The Royal Bank of Canada, Toronto-Dominion Bank and the Bank of Nova Scotia might face stronger regulation going forward now that the Bank of Canada has stated formally in a report that Canada's three largest banks are "systemically important" on a national basis.
On the other hand, job seekers will most likely feel more secure working for these banks today than ever before, a career coach confided to eFinancialCareers.
The central bank working paper could add to concerns about more stringent capital rules facing the sector, according to Reuters. The news agency said the report stated that "global regulators are considering imposing tighter capital rules for banks considered to be systemically important or 'too big to fail,' meaning their collapse would imperil the wider financial system."
Opportunity for job seekers
For job seekers, this could be seen as an opportunity. "In turbulent times, people are drawn to safe havens," said Alan Kearns, co-founder of national Canadian career and leadership coaching firm CareerJoy. "People are drawn to institutions that have a means of stability to them."
Suggesting that Royal Bank of Canada's characterization of RBC, Toronto-Dominion and Scotiabank are all "too big to fail" will make all three more attractive places to work.
"We find the empirical evidence that the systemic importance of the top three banks, RBC, TD and BNS, is greater than other banks," the bank said in its working paper, authored by Toni Gravelle and Fuchun Li.
Security isn't the only measure
"I'm assuming that the size, health and risk profile of these banks were all taken into account" for purposes of the report, Kearns said, stressing that security isn't the only measure by which bankers should judge institutions they'd like to work for.
"This doesn't mean they can't lay people off in a restructuring," notes Kearns. "You still need to be a high performer wherever you go," he added, but safety is, nonetheless, one of the more highly important careers criteria.

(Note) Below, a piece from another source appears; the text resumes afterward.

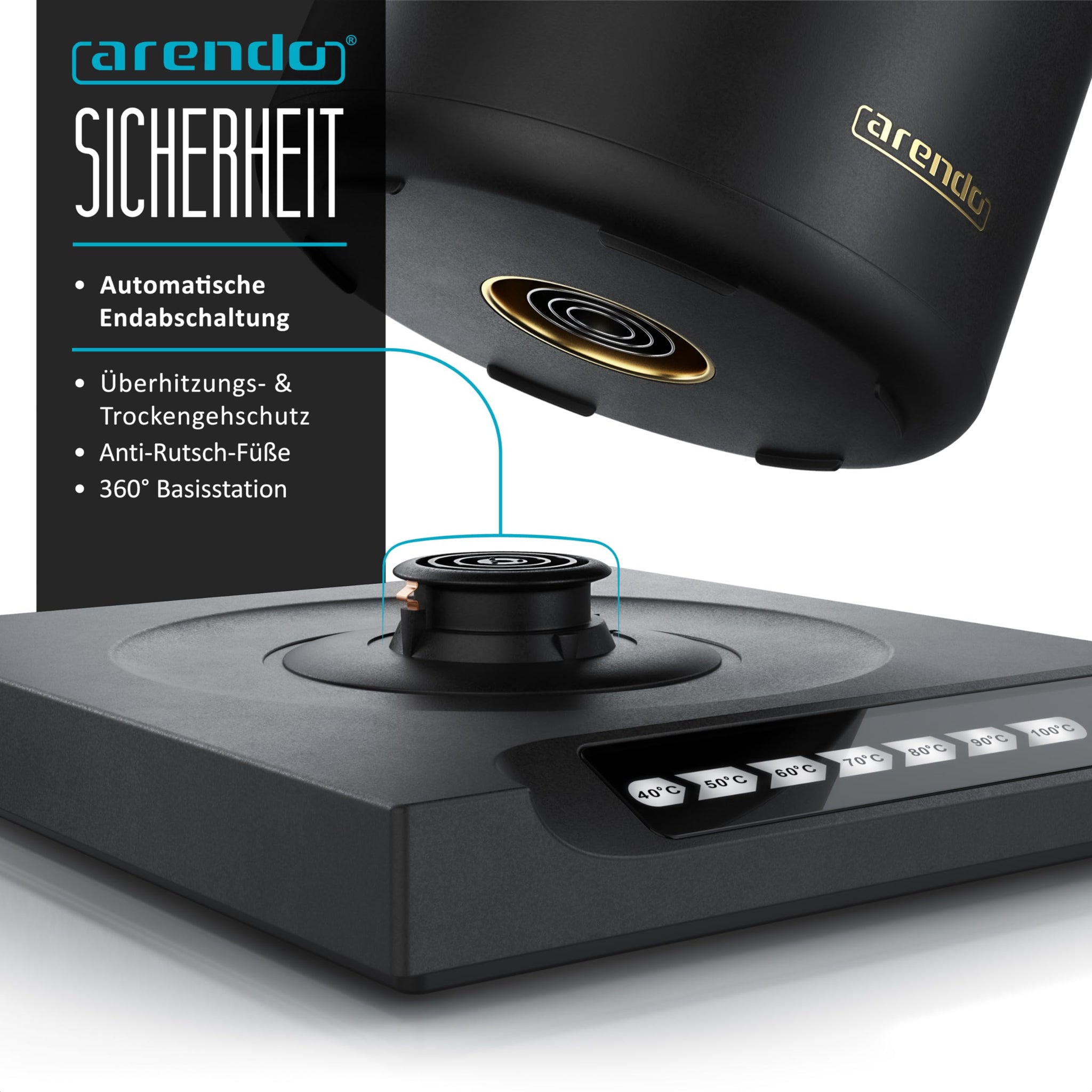 • Weitere Funktionen: Automatisches Abschalten beim Kochen. | Schutz vor Austrocknung und Überhitzung. | Signalton beim Start und bei der Beendigung; abschaltbar | Weiße LED-Anzeige .| 360° Basisstation.

Reuters added that no Canadian bank is believed to be on the radar screen of the global regulators, but many believe that Canada's bank regulator, the Office of the Superintendent of Financial Institutions, could impose tighter rules on domestic banks deemed key to the domestic sector, a move that could ultimately limit their lending capacity.
The central bank, which authored the report, would not have a hand in implementing such regulations, Reuters stated.
Still, the comments by the Bank of Canada suggest that Canada's top banks are so critical to the overall banking system that "the government won't let them go under," Kearns observed.